The Poles did not have enough intelligence to realise that they were expelling the best of their ‘milk-cows’ and ‘cutting their noses off to spite their faces!’ They did not comprehend that the industrious hands of the Germans and their knowledge of the economy of their land was something that they did not possess, and perhaps never would.

The militia, armed with German rifles, screamed their orders at the throngs of people, with gestures that drove the column through the streets to the station. They showed no sympathy. The pram of Mrs Laska’s daughter was snatched away from her, shortly before she climbed into the train. Most were in tears having sunk to the depths of depression, because of that act, the worst act of man against his fellow man. The Poles drove the people into the wagons laid with straw, but which were now overflowing, then into the goods and cattle wagons. Toil et arrangements were left for them to arrange from inside.

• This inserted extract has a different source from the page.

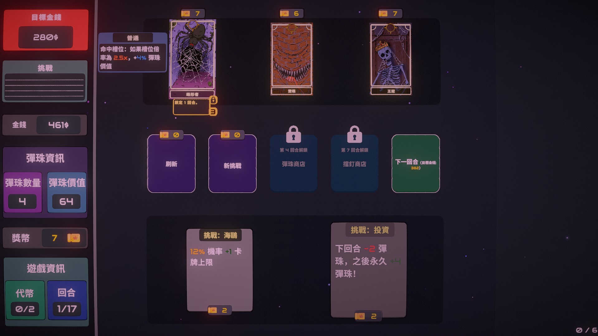 存錢還是買卡?保留還是出售?擴充彈珠數量或提升單次價值?每個決策都牽動戰局。巧妙調配資源、最佳化卡組搭配,在有限的掌控中最大化收益——畢竟,這是你手中唯一緊握的籌碼。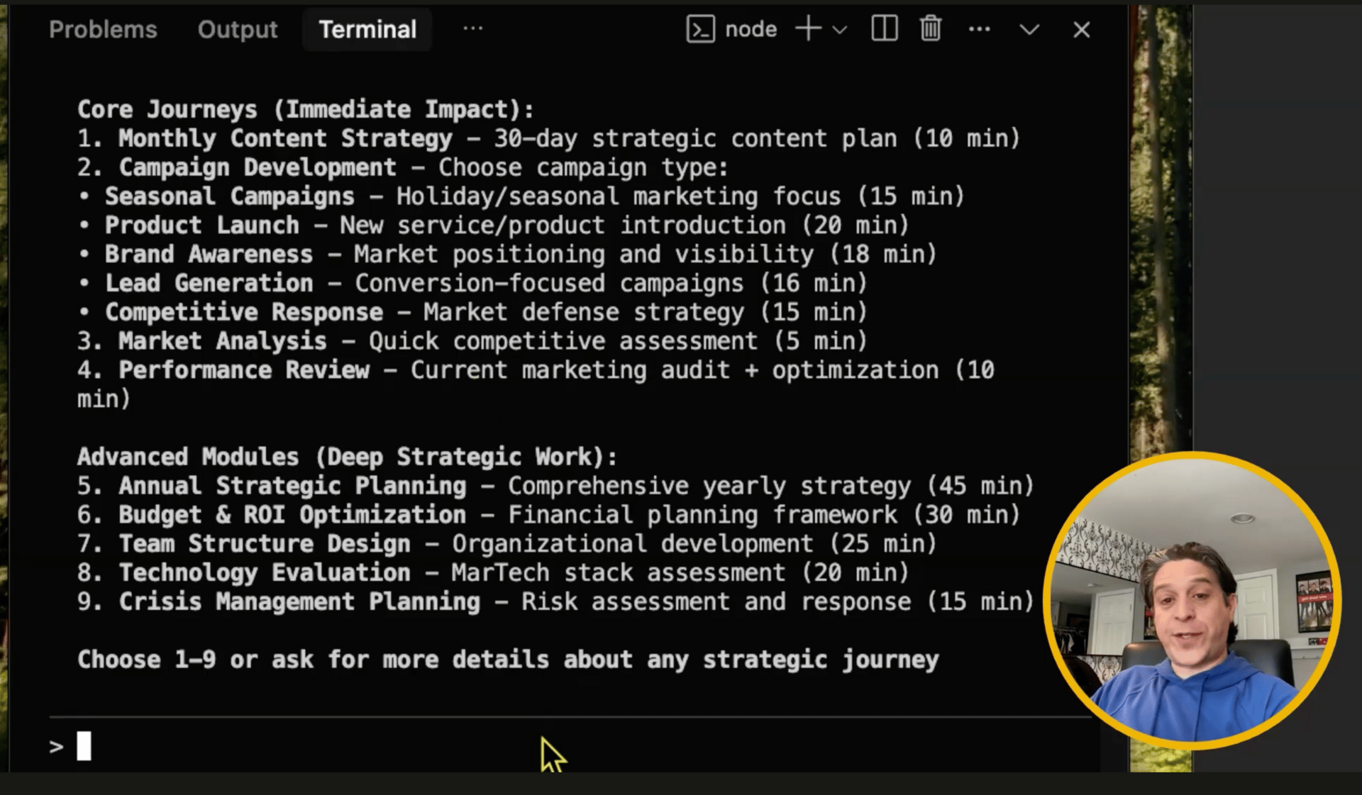 It generated blog posts, social sequences, email drip campaigns, and even visual briefs—organized into a master implementation guide.

One’s wits were a valuable asset in those moments, for we were by now well acquainted with the greed of those non-capitalists. The Laska family and I had the joy of outwitting them, at the last minute, with my plan, ‘Operation Janka’. My own baggage consisted of a rucksack and a cardboard box which I gave to the Laska family just before reaching the station. Surreptitiously I removed myself from the throng, unnoticed by the militia. I made my way to one of the exit points at Lutzowstrasse, to where another fully laden cart was parked, which I took. I rejoined the last third of the column and reached the first control point, which I passed through without any problem. I rejoined my waiting friends with the additional freight. They were overjoyed at the ‘trick of war’ against the Poles. It was a grotesque comedy. It was the joy of the ‘little’ man, that he could rob a kilo or two from the robbers themselves.

Just before the wagons started to move, a young blonde girl ran along the platform, calling someone’s name. To my great surprise it was Elzbieta Markowitz, who was looking for me. Being Polish, she had been allowed to enter the station briefly and she looked so happy at finding me. She had found out somehow that I was among the deportees on that day. “Till we meet again, Hendrik”, she said, giving me packets in which I found pork-dripping sandwiches and cigarettes. It was all so hurried. Rather choked by her gesture, all I could say was “farewell little Elzbieta”, as the over-long train gave a jerk and started to steam out of the station.